Wafer-scale Chips: The Future of High-Performance Computing

06/30 2025 405

Wafer-scale Chips

Today, large AI model parameters are soaring into the billions.

In just two years, the computational demands of these models have skyrocketed, increasing by a factor of 1,000, far outpacing the pace of hardware advancements. Currently, the mainstay solution for supporting these large AI models relies heavily on GPU clusters.

However, the limitations of single-chip GPUs are evident: Firstly, the physical size of a single chip constrains the number of transistors it can house, and even with advanced manufacturing processes, performance enhancements are nearing the limits prescribed by Moore's Law. Secondly, when interconnecting multiple chips, latency and bandwidth loss during data transmission between chips prevent the overall performance from scaling linearly with the number of chips.

This is why, when confronted with trillion-parameter models like GPT-4 and ERNIE Bot, even the aggregation of thousands of NVIDIA H100s fails to escape the dilemma of "insufficient computational power and exorbitant electricity bills".

Currently, the AI training hardware industry is polarized into two distinct camps: dedicated accelerators leveraging wafer-scale integration technology (such as Cerebras WSE-3 and Tesla Dojo) and GPU clusters based on traditional architectures (like NVIDIA H100).

Wafer-scale chips are widely regarded as the next frontier in high-performance computing.

01

Wafer-scale Chips: Two Major Players

In the conventional chip production process, a wafer undergoes photolithography and is subsequently diced into many individual dies, each of which is encapsulated separately. After encapsulation, each die becomes a complete chip.

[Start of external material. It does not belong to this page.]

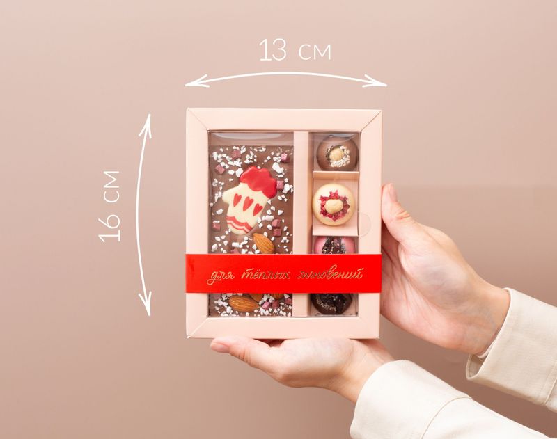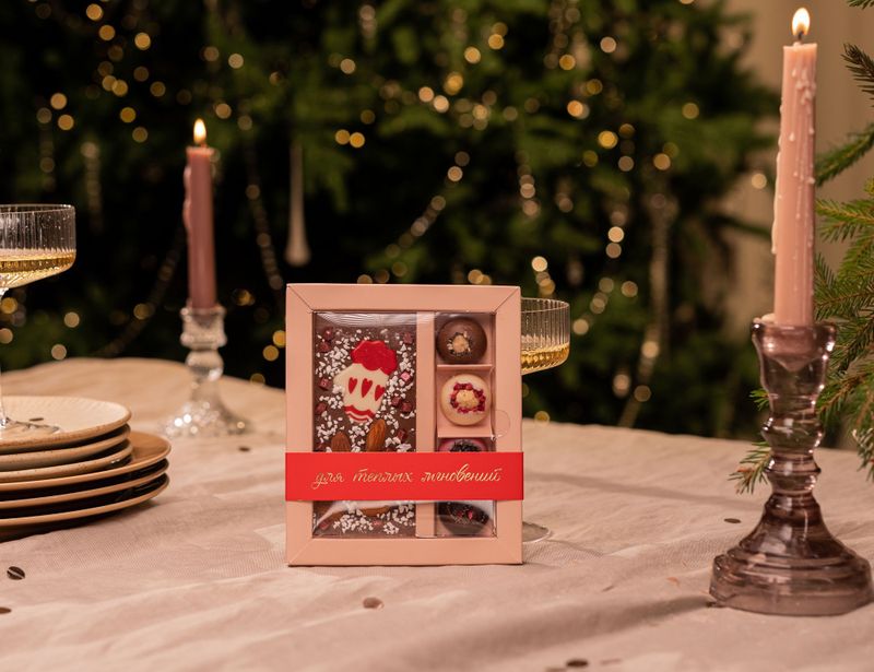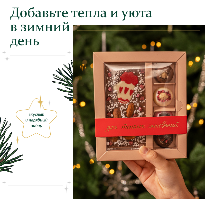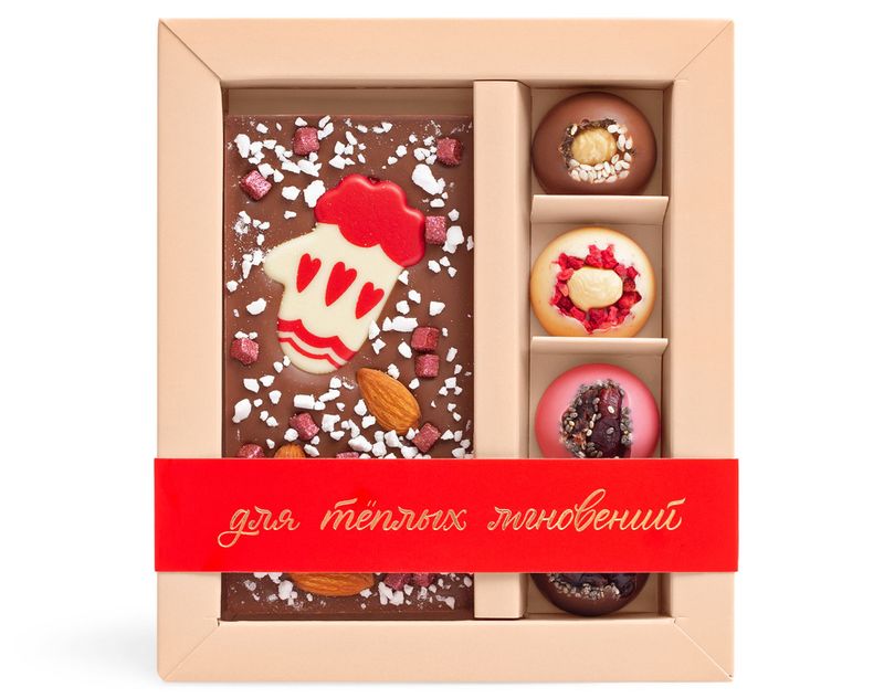 В набор входит плитка молочного шоколада, украшенная обязательными атрибутами холодной зимы: рукавичкой из белого шоколада, цельным миндалем, желейными кусочками со вкусом апельсина, меренгой и четырьмя конфетами в праздничном оформлении.

The conventional approach to enhancing chip computational power involves increasing the chip area. As such, chip manufacturers are constantly striving to do just that. Currently, the die size of computing power chips is approximately 26x33=858mm², nearing the size of the exposure window, but the maximum chip size cannot exceed the exposure window size.

The size of the exposure window has remained stagnant for many years, becoming one of the key constraints hindering the growth of chip computational power.

Wafer-scale chips offer an innovative alternative. By manufacturing a wafer-scale interconnect substrate without dicing and then integrating and encapsulating the designed conventional dies onto this wafer substrate, a single, massive chip is produced.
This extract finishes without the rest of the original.